4

I am a little bit confused with the grid search interface from scikit-learn. From examples I found snippets like that

clf = GridSearchCV(SVC(C=1), tuned_parameters, cv=5,
                   scoring='%s_weighted' % score)
clf.fit(X_train, y_train)

I imagine what when calling fit the exhaustive search happens and then the estimator is being fitted with the best parameters that were found.

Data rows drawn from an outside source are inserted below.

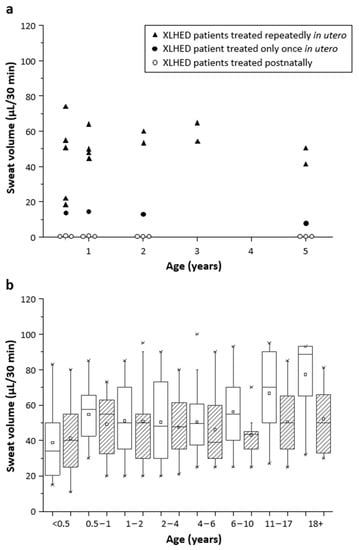 - Schneider, H.; Hammersen, J.; Preisler-Adams, S.; Huttner, K.; Rascher, W.; Bohring, A. Sweating ability and genotype in individuals with X-linked hypohidrotic ectodermal dysplasia. J. Med. Genet. 2011, 48, 426–432. [Google Scholar] [CrossRef]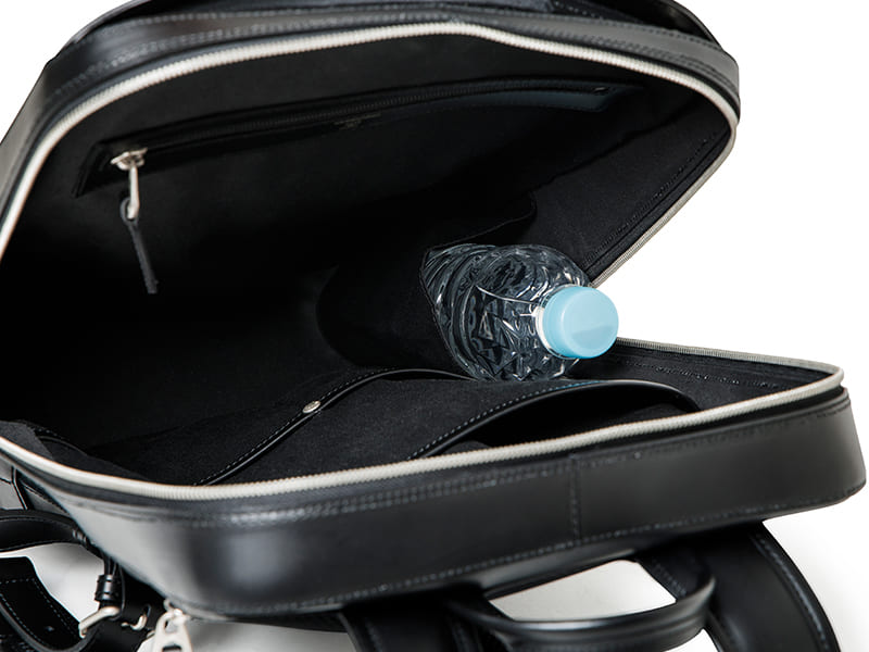 内装にペットボトルホルダーを搭載。バッグの中で転がりやすいボトルをしっかり固定し、荷室の整理整頓をサポートします。持ち運びの際も中身が安定し、快適にお使いいただけます。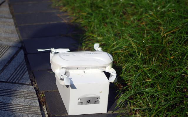 首先把无人机展开,展开尺寸为135mm*145mm*36.8mm。因为附近是草坪,不能放在草坪上面起飞所以我索性就放在包装盒上面准备起飞了。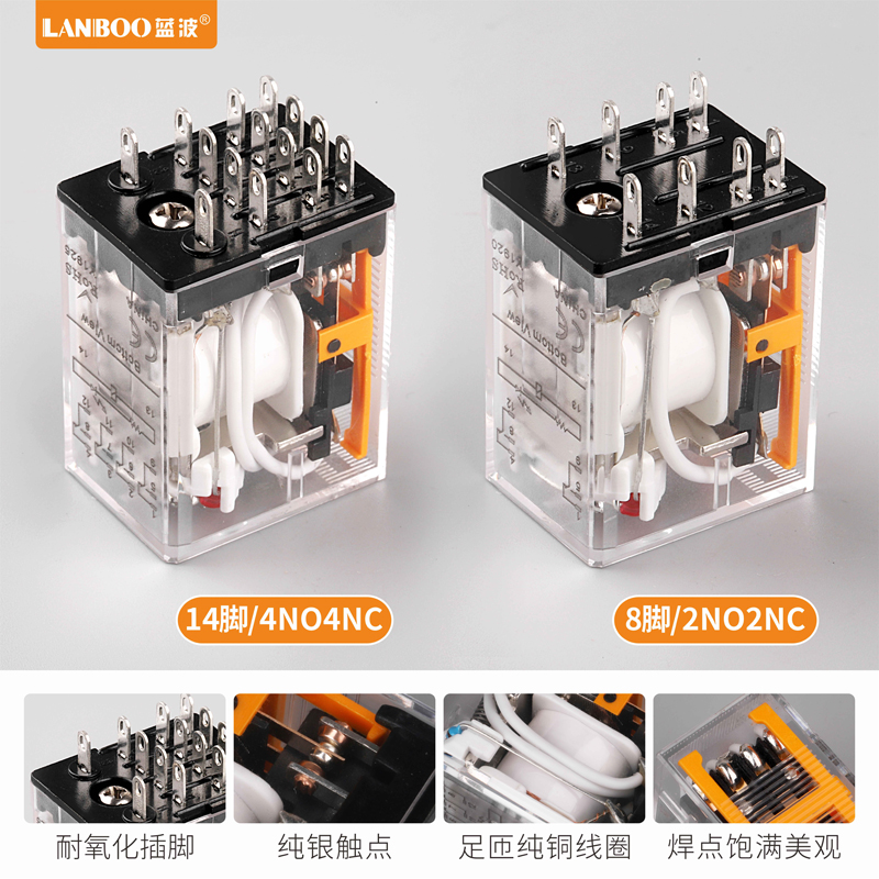 Blue Wave 8 14 foot DC intermediate relay with base 2 open 2 closed 4 open 4 closed 5A 12 12 24V 220V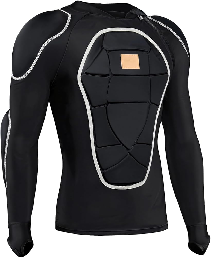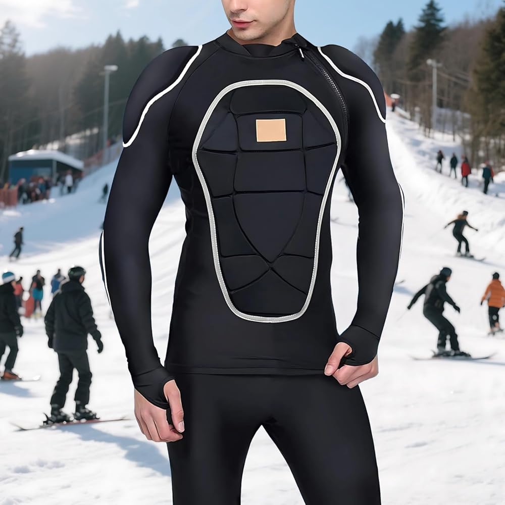 Protective Gear Cycling Armor Vest Long Sleeve Compression Clothes, High-Density Pe Padding Breathable Stretch Fabric, for Skiing Motorbiking and Outdoor Sports, Black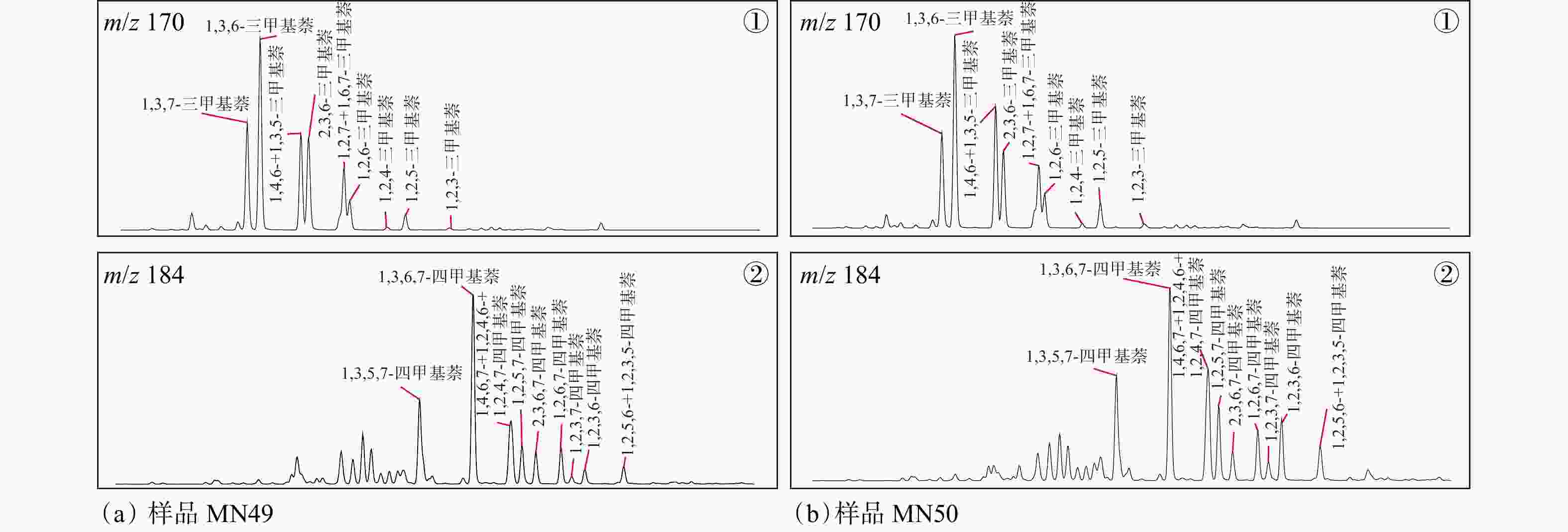 (20S+20R)C27/% C28/% C29/% MN49 MH2 5135.3 0.19 0.18 0.50 1.33 0.15 0.28 7.24 1.34 0.66 0.09 0.34 0.54 0.49 13 42 46 MN50 MH2 5138.3 0.40 0.22 0.53 1.21 0.08 0.15 5.50 0.82 0.20 0.08 0.40 0.55 0.51 11 42 47 MN84 MH6 5262.5 0.33 0.20 0.49 1.26 0.18 0.40 6.32 0.20 0.41 0.16 0.21 0.56 0.52 13 49 38 MN90 MH7 4628.3 0.12 0.20 0.50 1.22 0.33 0.63 20.19 0.20 0.50 0.04 0.26 0.55 0.48 9 41 50 MN92 MH7 4625.7 0.09 0.21 0.50 1.13 0.27 0.54 20.74 0.18 0.51 0.05 0.28 0.55 0.49 10 42 48 MN8 MH9 4495.6 0.17 0.17 0.48 1.21 0.46 0.85 4.04 0.10 0.57 0.07 0.19 0.42 0.45 13 37 50 MN9 MH9 4500.1 0.16 0.22 0.46 1.24 0.61 0.98 14.63 0.27 0.56 0.05 0.23 0.41 0.47 22 34 44 MN12 MH9 4531.8 0.11 0.19 0.50 1.50 0.36 0.57 7.81 0.15 0.54 0.04 0.27 0.46 0.47 9 39 52 MN13 MH9 4538.9 0.14 0.17 0.48 1.44 0.47 0.67 7.29 0.07 0.54 0.06 0.19 0.44 0.46 17 37 46 MN14 MH9 4543.8 0.14 0.20 0.51 1.39 0.46 0.72 6.89 0.10 0.54 0.04 0.22 0.48 0.47 12 39 48 MN131 MH9 4570.0 0.15 0.25 0.46 1.03 0.47 0.94 5.85 0.18 0.55 0.05 0.25 0.50 0.47 8 40 52 MN19 MH9 4578.7 0.13 0.26 0.42 1.01 0.23 0.50 14.20 0.18 0.47 0.06 0.32 0.55 0.50 10 43 47 MN25 MH12 5043.0 0.13 0.19 0.60 1.25 0.17 0.28 4.58 0.38 0.48 0.11 0.29 0.55 0.49 17 34 49 MN26 MH12 5044.0 0.09 0.20 0.64 1.31 0.17 0.28 4.29 0.37 0.46 0.10 0.30 0.54 0.52 17 34 49 MN29 MH15 4853.5 0.12 0.25 0.48 1.04 0.35 0.62 16.04 0.21 0.50 0.05 0.23 0.54 0.49 11 43 46 MN32 MH15 4863.7 0.10 0.20 0.44 0.96 0.26 0.62 18.16 0.19 0.51 0.05 0.36 0.55 0.48 12 41 47 MN35 MH15 4880.4 0.10 0.21 0.43 1.06 0.26 0.59 23.54 0.22 0.49 0.04 0.20 0.56 0.49 12 42 47 MN37 MH15 4947.7 0.22 0.21 0.41 1.08 0.47 1.10 1.37 0.21 0.54 0.05 0.39 0.54 0.51 13 34 53 MN42 MH16 4305.5 0.10 0.16 0.46 1.19 0.38 0.76 1.72 0.08 0.56 0.05 0.18 0.43 0.40 12 36 52 MN53 MH20 5306.1 0.39 0.22 0.53 1.27 0.09 0.18 12.93 0.63 0.14 0.12 0.25 0.55 0.50 10 43 47 MN54 MH23 5007.5 0.33 0.22 0.46 1.27 2.18 3.65 1.12 0.43 0.56 0.02 0.34 0.54 0.48 7 35 58 MN55 MH23 5008.5 0.14 0.21 0.49 1.39 0.34 0.57 5.05 0.11 0.52 0.06 0.37 0.53 0.48 18 37 44 MN63 MH24 4858.3 0.16 0.20 0.51 1.11 0.17 0.35 10.07 0.53 0.26 0.07 0.36 0.56 0.49 9 40 51 MN64 MH26 4245.3 0.25 0.20 0.44 1.21 1.11 2.45 2.30 0.17 0.57 0.03 0.37 0.39 0.45 5 39 56 MN68 MH26 4266.0 0.15 0.18 0.45 1.23 0.33 0.75 12.30 0.19 0.53 0.06 0.31 0.39 0.46 9 40 51 MN70 MH26 4269.3 0.31 0.27 0.47 1.07 1.35 3.13 0.64 0.20 0.57 0.03 0.37 0.46 0.47 5 33 61 MN71 MH26 4319.7 0.10 0.18 0.42 1.07 0.32 0.66 0.74 0.08 0.56 0.03 0.26 0.46 0.46 6 33 61 MN72 MH26 4323.5 0.11 0.21 0.50 1.26 0.31 0.57 0.88 0.07 0.56 0.04 0.33 0.39 0.46 11 47 42 MN85 MH27 4838.3 0.17 0.21 0.53 1.21 0.32 0.59 0.95 0.30 0.51 0.05 0.30 0.55 0.49 9 40 51 MN88 MH27 4933.3 0.09 0.26 0.56 1.02 0.25 0.46 0.84 0.14 0.49 0.04 0.24 0.55 0.49 16 39 45 MN89 MH27 4937.0 0.26 0.16 0.41 0.92 0.17 0.57 0.89 0.30 0.44 0.22 0.34 0.53 0.50 10 45 44 MN95 MH29 4847.9 0.11 0.19 0.50 1.02 0.18 0.39 0.96 0.29 0.40 0.05 0.31 0.56 0.49 9 42 49 MN97 MH29 4852.8 0.14 0.18 0.53 0.99 0.12 0.25 0.97 0.24 0.37 0.08 0.31 0.56 0.50 9 43 48 TT—三环萜烷;Tet—四环萜烷;ETR—扩展三环萜烷比值 表 4 玛南地区泥页岩芳香烃生物标志物参数与碳同位素测试结果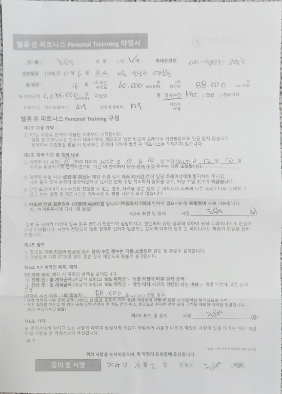 무료체험 후 바로 피티 등록했습니다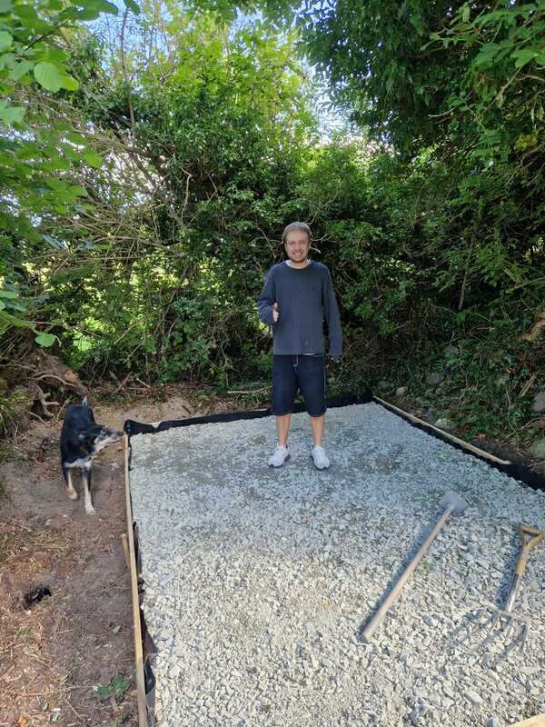 He also borrowed a compactor off a neighbour to compact down the shed base so we can lay the concrete slabs. Just need it to stop raining long enough for us to get on with it.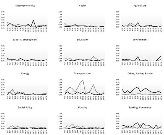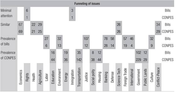 Finally, we review the strategic channeling of issues according to the two instruments. Each instrument offers different information and its own structure of opportunity that affects the allocation of attention to policy issues (Larsen-Price, 2012). Therefore, each type of document is an intervention channel that can be used strategically by the president according to the information he has about the policies, the political process, and each of the instruments.
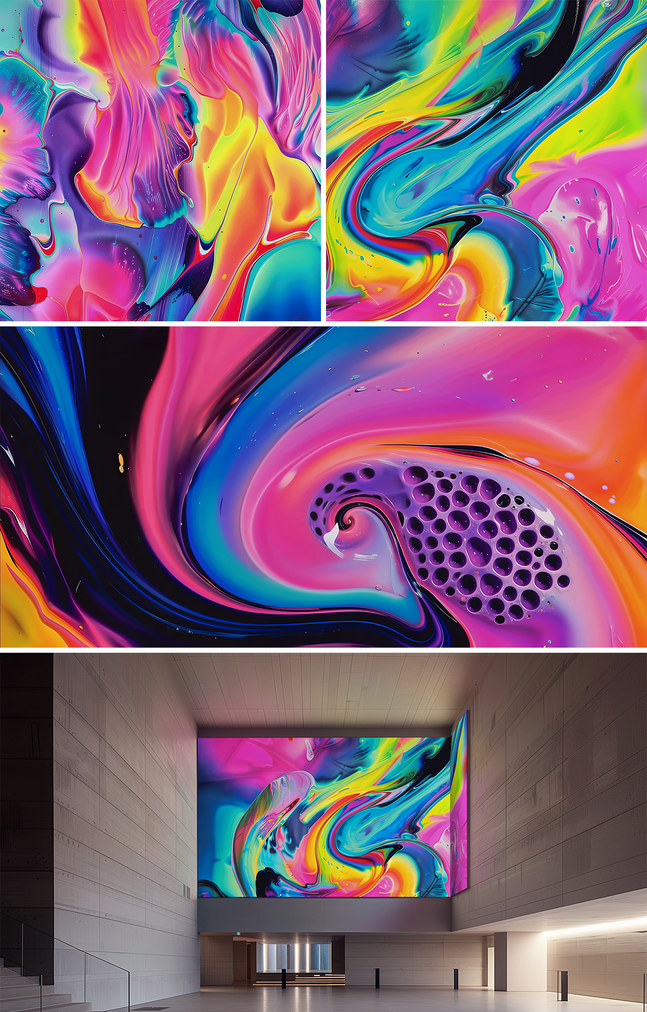 PLASMA 시리즈는 리퀴드 잉크 페인팅을 밝고 네온 파스텔 컬러로 빛나는 애니메이션 작품으로 변환한다. 사진과 생성적 실험을 통해 색소들은 유동적인 움직임으로 점화되며, 찬란하게 변화하는 몽환적인 풍경처럼 펼쳐진다. 빛나는 색조가 소용돌이치고 서로 섞이며 확장되어, 우주적이면서도 회화적인 에테리얼한 질감을 드러낸다. 각 작품은 움직임과 빛, 그리고 분위기를 채우는 색채를 통해 생명을 얻은 선명하고 살아 있는 회화로 완성된다.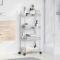 Chariot de rangement à 4 niveaux transparent acryliqueCe chariot de rangement offre une solution idéale pour organiser différents espaces, notamment la cuisine, le salon, la salle de bains, la buanderie et le bureau. Léger et durable : fabriqué à partir de paniers en acrylique robustes et d'un cadre en acier inoxydable, ce chariot de rangement est léger, stable et durable. Utilisation polyvalente : ce chariot de rangement est polyvalent et peut être utilisé dans différents environnements, tels que la cuisine, le salon, la salle de bains et le bureau. Il permet de ranger les aliments, les livres, les articles de toilette et les fournitures de bureau et de les rendre facilement accessibles. Rangement supplémentaire : ce chariot utilitaire dispose de deux coupelles suspendues supplémentaires pour ranger les petits objets tels que les couteaux, les fourchettes, les chewing-gums, les clés et autres, optimisant ainsi l'utilisation de l'espace. Déplacement facile et stationnement sûr : ce chariot de rangement est équipé de quatre roulettes, dont deux avec frein, ce qui vous permet de le déplacer sans effort à l'endroit de votre choix et de le verrouiller en toute sécurité pour un contrôle et une sécurité accrus. Poignées pratiques : ce chariot de rangement est doté de deux poignées sur le dessus, ce qui vous permet de le pousser et de le tirer facilement pour le déplacer. ,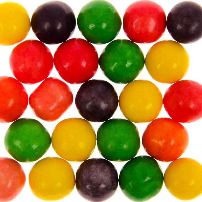 Состав: сахар, основа полимерная, патока, влагоудерживающий агент (глицерин пищевой), регулятор кислотности (кислота лимонная), ароматизаторы ("Тутти-фрутти", "Лимон", "Яблоко", "Апельсин", "Клубника", "Вишня"), эмульгатор (соевый лецитин), красители пищевые (Тартразин Е102, Диоксид титана Е171, Солнечный заказ FCF Е110, Кармуазин Е122, Красный очаровательный АС Е129, Синий блестящий FCF Е133), глазирователь (воск карнаубский). Масса нетто: 40 г. Срок годности: 24 мес.
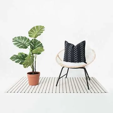 Hofdeco Decorative Throw Pillow Cover ONLY Heavy Weight Pure Cotton Mud Cloth Inspired Black Case White Mountain Stripes 18"x18"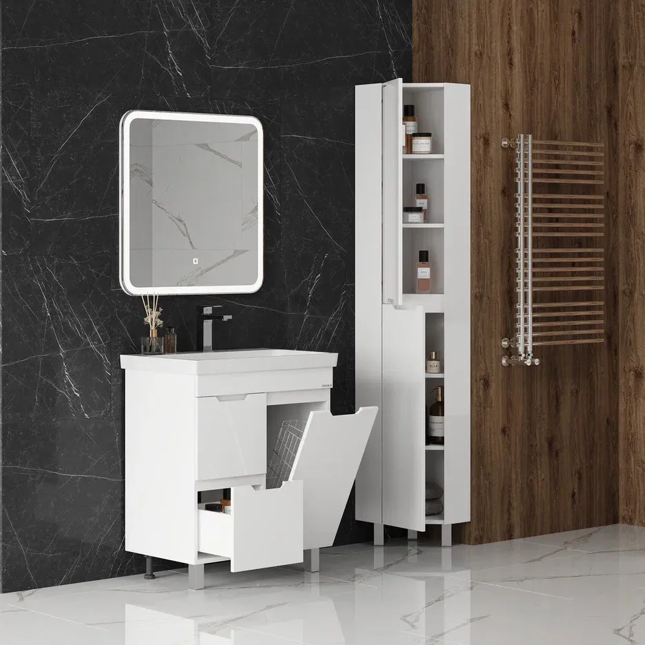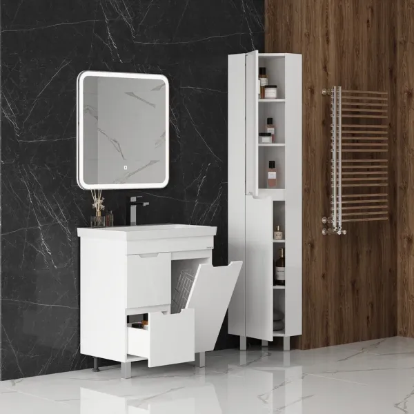 Напольный угловой шкаф пенал с зеркалом для ванной комнаты Айленд 30 сочетает в себе стильный минималистичный дизайн, белую глянцевую поверхность и высочайшее качество исполнения.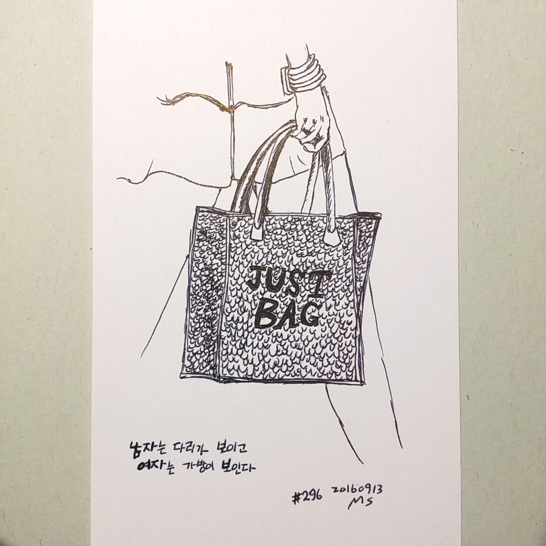 가방을 든 모습에아마 처음엔 가방이 보였을 것이다.그리고 금새남자는 다리가 보이고여자는 가방도 보인다.#poetry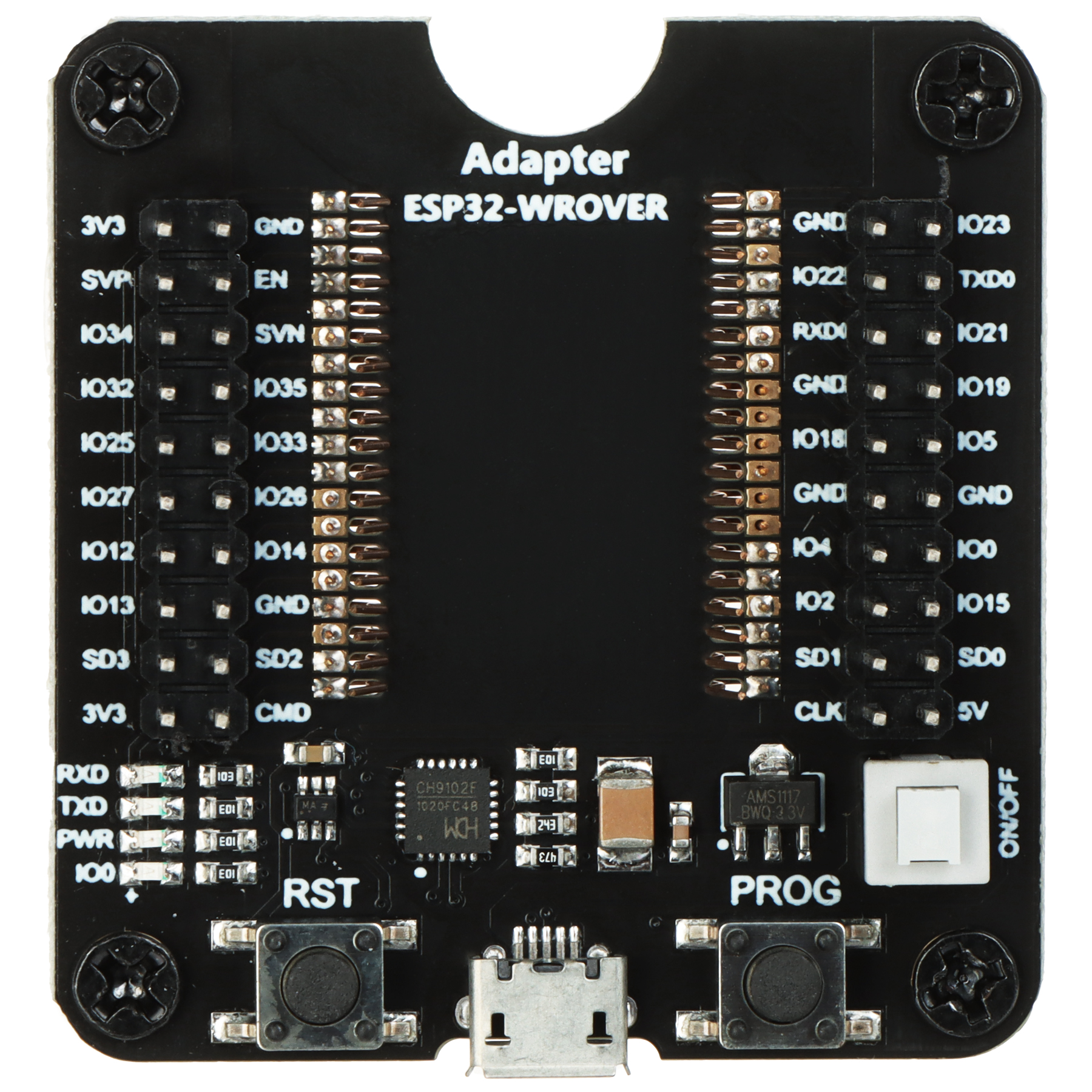 Compatibility: ESP32-WROVER-32 ; Connectors type: 1 x micro USB socket, Place of temporary installation of the board with spring pins 40 x goldpin plug ; Output signal level: 3.3 V ; Power output: 3.3 V, 5 V ; Main features: RESET button, PROGRAM button ; Power supply: 5 V - from USB port ; Dimensions: 49 x 46 x 15 mm ;

My question is, after I call fit can I go on and call predict or is my estimator considered overfit in this case? Should I create another estimator using the best parameters and then perform a cross_validation to see what it actually scores?

LetsPlayYahtzee
  • 528
  • 1
  • 6
  • 17

2 Answers2

1

Looking at the docs the fit description says "Run fit on the estimator with randomly drawn parameters"

Actually sklearn.grid_search.GridSearchCV.fit()'s docstring is "Run fit with all sets of parameters".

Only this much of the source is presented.